Ekeh, who delivered impassioned and workable solutions to the age-long Almajiri issue which government appears yet to find a fitting solution to, spoke as one of the panellists at the Africa Independent Television (AIT) Virtual Town Hall Forum with the theme: ‘The Economic Implications of the New Normal Post-COVID-19 – Anticipated Revolution in Digital Economy, Business Re-Engineering, Government, Trade and Effects on Global Economic Recovery.’

Speaking on the impact of COVID-19, Ekeh said one of the major classes of Nigerians negatively affected by the pandemic was the Almajiri who have been tossed from state to state like articles of trade nobody wanted to buy.
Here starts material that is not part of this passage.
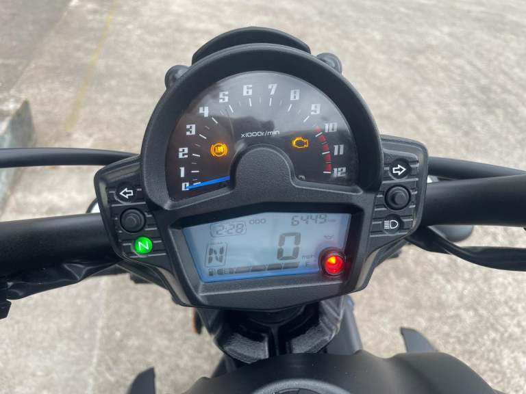 This bike has a radiator guard, custom mirrors, comfort seat and R&G tail tidy fitted to it. It has been serviced at 592 and 6416 miles and comes with an MOT until May 2026.

A 2014 UNICEF report estimated that there are 9.5 million Almajiri children in Nigeria, which accounted for 72 per cent of the nation’s out-of-school children. Nigeria is estimated to currently harbour between 13.2 million and 15 million out-of-school children, most of them in the North.

However, Ekeh held that with a digital approach, the potential in these Almajiri that nobody wanted to have anything to do with, can be converted to treasures of gold in the vastly growing digital economy because they are young, brilliant with huge doses of energy.

“I had the privilege of engaging with some of them in Lagos and Abuja. They sound like glorious messengers and have enhanced psychology of begging which, if retrained, could make them the best salespersons of the second quarter of this century. We must not abandon them.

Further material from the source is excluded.